• [DESCRIPTION OF THE TASK]: Output only the lines that run from the line holding "全国の自治体と連携して移住を" to the end of the data below, including both ends, without any pictures.
··· EXTRACTED ENTRIES
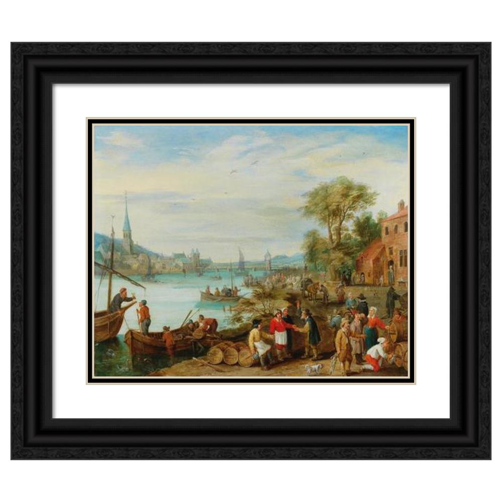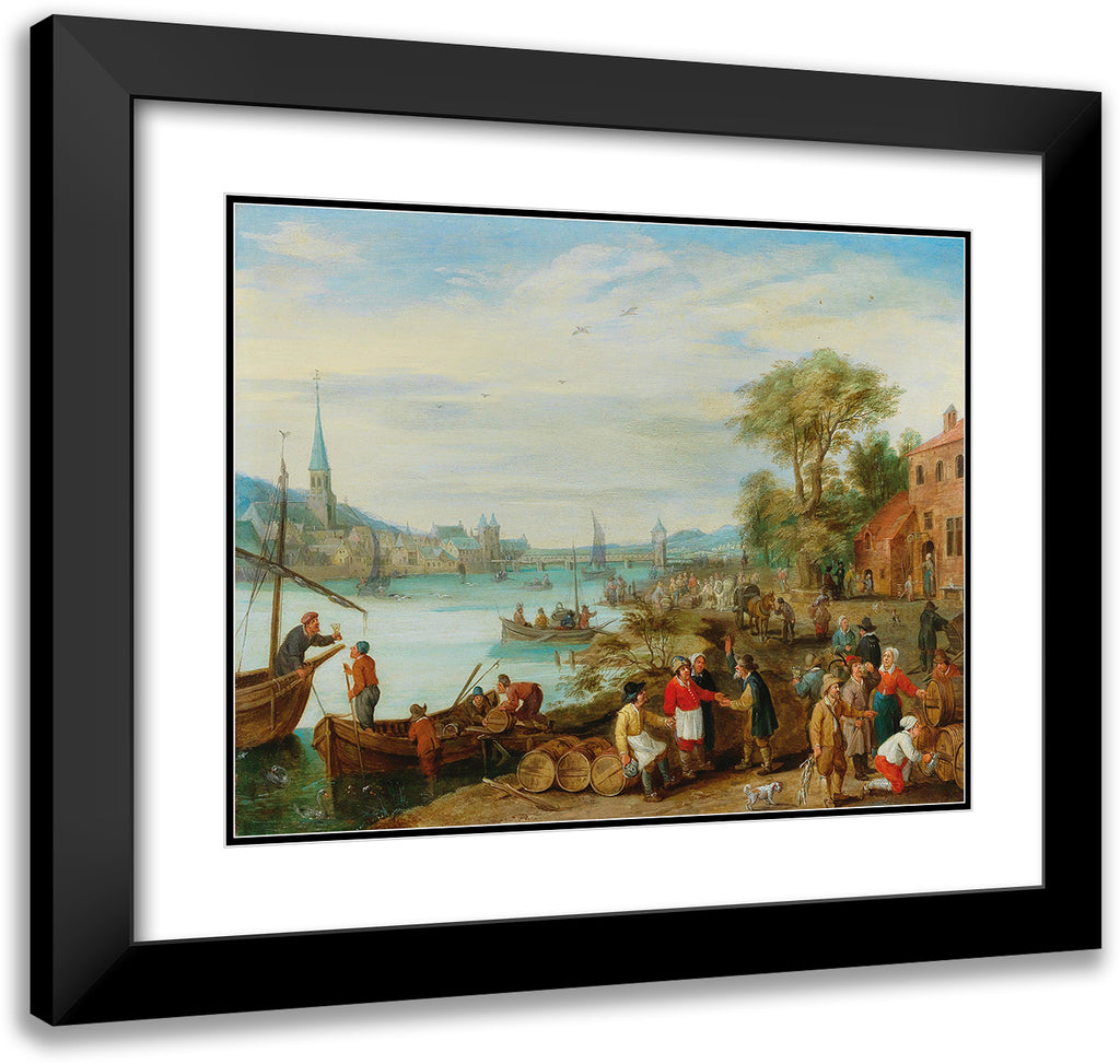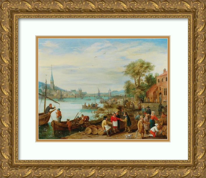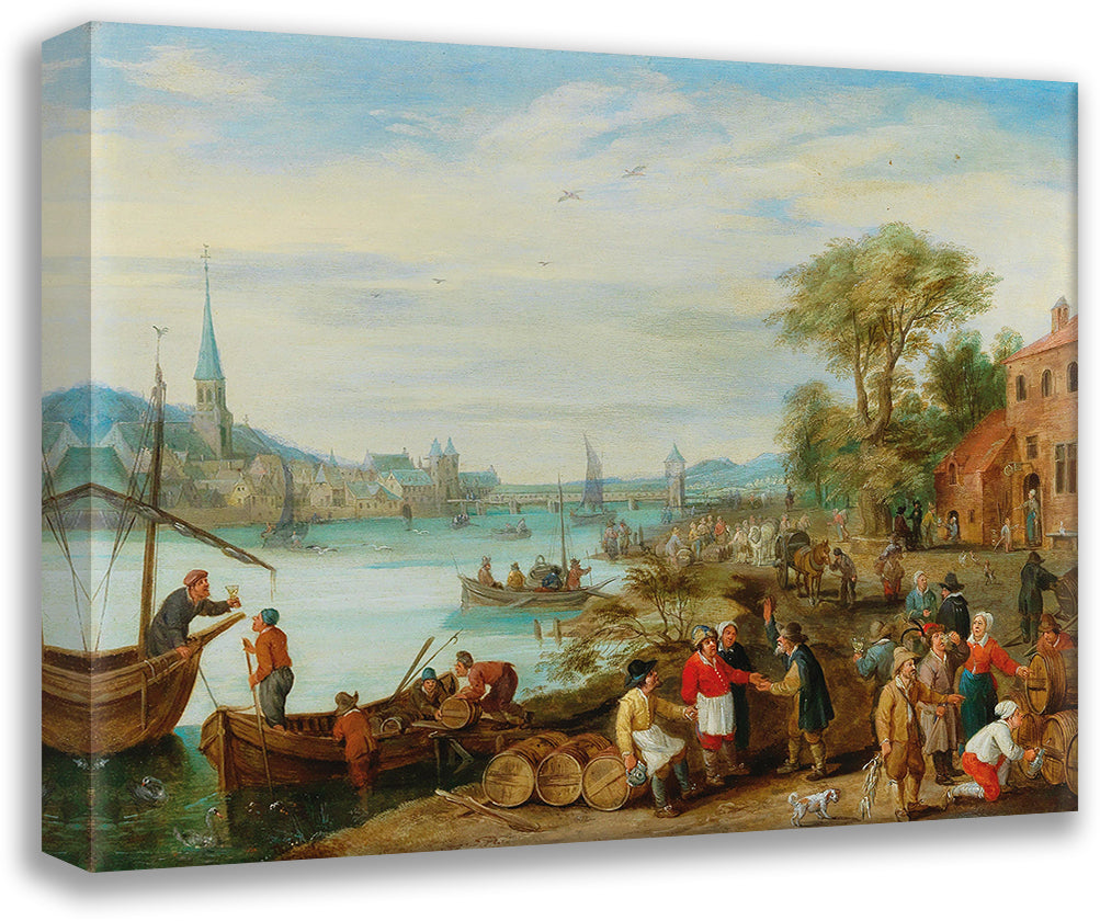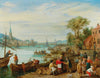 A River Landscape with a Harbour Scene
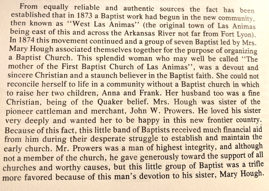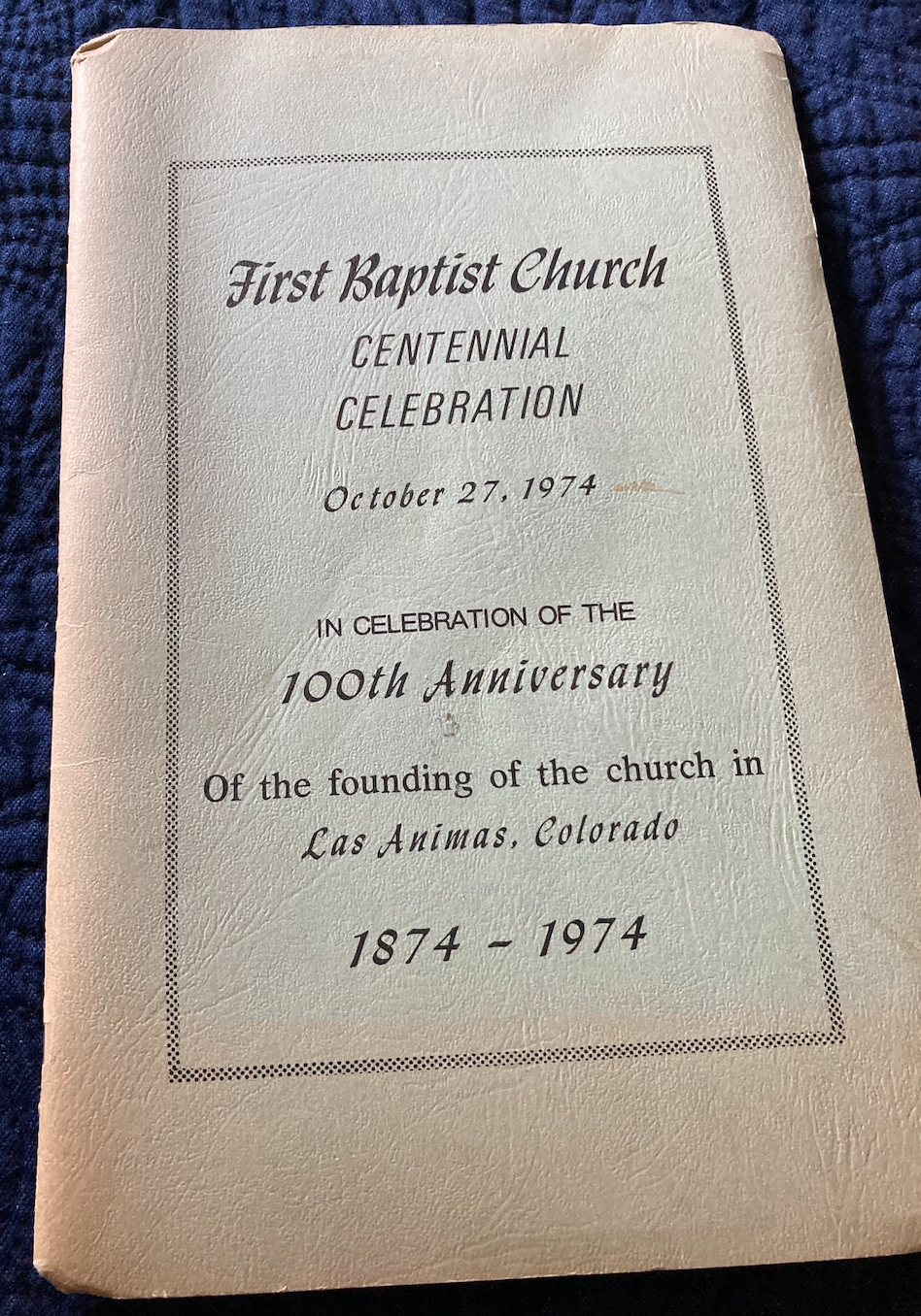 Recently I acquired a small battered book entitled “First Baptist Church Centennial Celebration–in Celebration of the 100th Anniversary of the founding of the church in Las Animas, Colorado 1874-1974”.
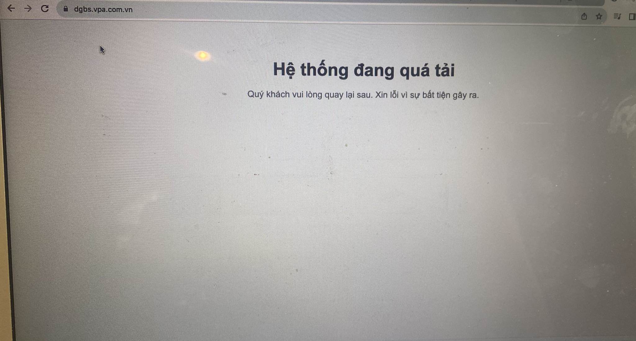 Đến 10h cùng ngày, PV vào đường link trang web đấu giá biển số https://dgbs.vpa.com.vn/ nhưng không thể truy cập, màn hình hiện màu trắng cùng dòng chữ “Hệ thống đang quá tải quý khách vui lòng quay lại sau. Xin lỗi về sự bất tiện gây ra".
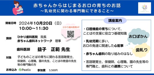 一般社団法人ことばサポートネットは、2024年10月20日オンライン講座『赤ちゃんからはじまるお口の育ちのお話』を開催。口腔機能の育ちや咬合異常など、”赤ちゃん歯科”の視点から学びます。
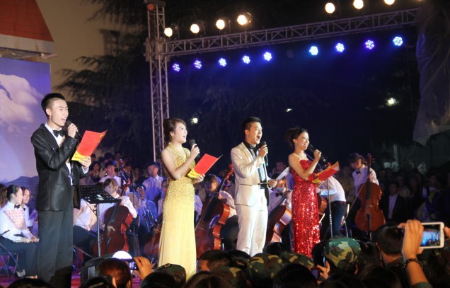 整场晚会幽默风趣,热烈欢快,充分展示了我院学子们积极向上,团结奋进的精神,给军训中的师生带来了轻松和美的享受,也成为了新生入学中极为难忘的一课。我院全权承担了此次演出,成功出色的完成了这次任务,获得了领导的高度好评。演出结束后,出席晚会的领导、嘉宾上台与演员合影留念,祝贺演出成功。
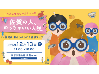 全国の自治体と連携して移住を支援する「公益社団法人ふるさと回帰移住交流推進機構」は、佐賀県との共催で2025年12月13日(土)に「佐賀さいこう!暮らし&しごと体感フェア ~佐賀の人、...
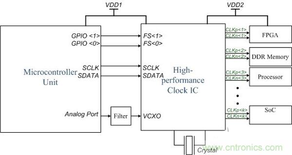 圖2.微控制器 - 高性能時鐘接口電路
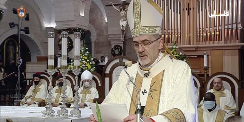 The Latin Patriarch of Jerusalem led the Mass. Thousands of foreign pilgrims usually flock to Bethlehem for Christmas celebrations. But the closure of Israel's international airport to foreign visitors kept them away.
······
• [RESULT]:
 全国の自治体と連携して移住を支援する「公益社団法人ふるさと回帰移住交流推進機構」は、佐賀県との共催で2025年12月13日(土)に「佐賀さいこう!暮らし&しごと体感フェア ~佐賀の人、...
 圖2.微控制器 - 高性能時鐘接口電路
 The Latin Patriarch of Jerusalem led the Mass. Thousands of foreign pilgrims usually flock to Bethlehem for Christmas celebrations. But the closure of Israel's international airport to foreign visitors kept them away.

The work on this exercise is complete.